Laura Soucek has been awarded an ERC Consolidator Grant for research into novel Myc inhibitor agents
- The Mouse Models of Cancer Therapy Group at Vall d’Hebron Institute of Oncology (VHIO) embarks upon next phase studies aimed at bringing these inhibitors closer to the clinic
- The primary objective of the research is to find a safe, administrable pharmacological option for Myc inhibitors
Barcelona, January 18, 2013. The European Research Council (ERC) has awarded one of its most sought after grants to recognize scientific excellence to the Mouse Models of Cancer Therapy Group at Vall d’Hebron Institute of Oncology (VHIO) led by Laura Soucek. The “Consolidator Grant”, competitively awarded to researchers with a solid background and an outstanding proposal with clear applicability and future potential, is considered the one of the most prestigious of its kind in Europe. The European grant will help develop new strategies to inhibit Myc, a key protein implicated in the formation of most tumors.

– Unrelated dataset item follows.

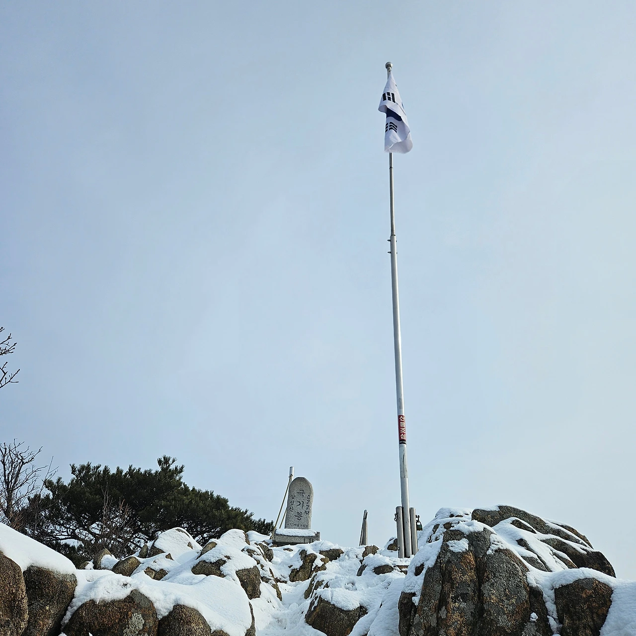 국기봉으로 향하는 길 젊음을 뽐내며 지나가는 사람들에게 길을 양보하고 한 걸음씩 올라서니 태극기만이 바람과 친구 되어 나를 반길 뿐이다. 누구도 그곳에 머물러 있지 못하고 눈과 바람과 태극기가 친구가 되어서 그곳을 지킬 뿐이다. 그곳의 주인들이 주인이 되어 자리를 지키고 있다.
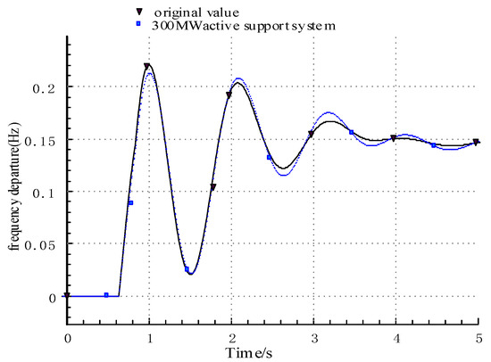 Compared with the original photovoltaic grid-connected control, the 800 MW photovoltaic power station is transformed into a synchronous photovoltaic power generation grid-connected system. After the fault, with the increase in the system frequency, the synchronous photovoltaic power generation grid-connected system participates in the primary frequency modulation control. The maximum frequency deviation of the system is reduced from 0.221 Hz to 0.213 Hz.

The grant, amounting to €1,700,000, will significantly facilitate the group´s ongoing research by guaranteeing Laura and her team to continue with this line of investigation for a period of 5 years. In addition, it further endorses Soucek as Principal Investigator and her high scientific standing at European level. “The ERC experts have judged our work as a high-risk gamble but have positively evaluated the project´s potential for potentiating and further advancing treatment for patients. While the panel considered it to be a difficult challenge, they also viewed that our research could make a real difference to clinical practice,” Soucek states. “We have been working with Myc for a long time now because we and VHIO believe it to be one of the areas that could open new avenues in the fight against cancer. We are honored to have received this grant in recognition of our group’s collective efforts and talent,” Soucek continues.
Myc inhibitors: A project with great applicability and future
The Myc protein plays an important role in the cell since it regulates the expression of 15% of human genes involved in the processes of proliferation, cell differentiation and apoptosis. When mutated or deregulated, Myc induces uncontrolled cell proliferation and this can lead to the development of cancer. Indeed, Myc expression is found to be altered in most cancers, such as cervical, breast, colon, lung and stomach cancers, and is often associated with poor prognosis.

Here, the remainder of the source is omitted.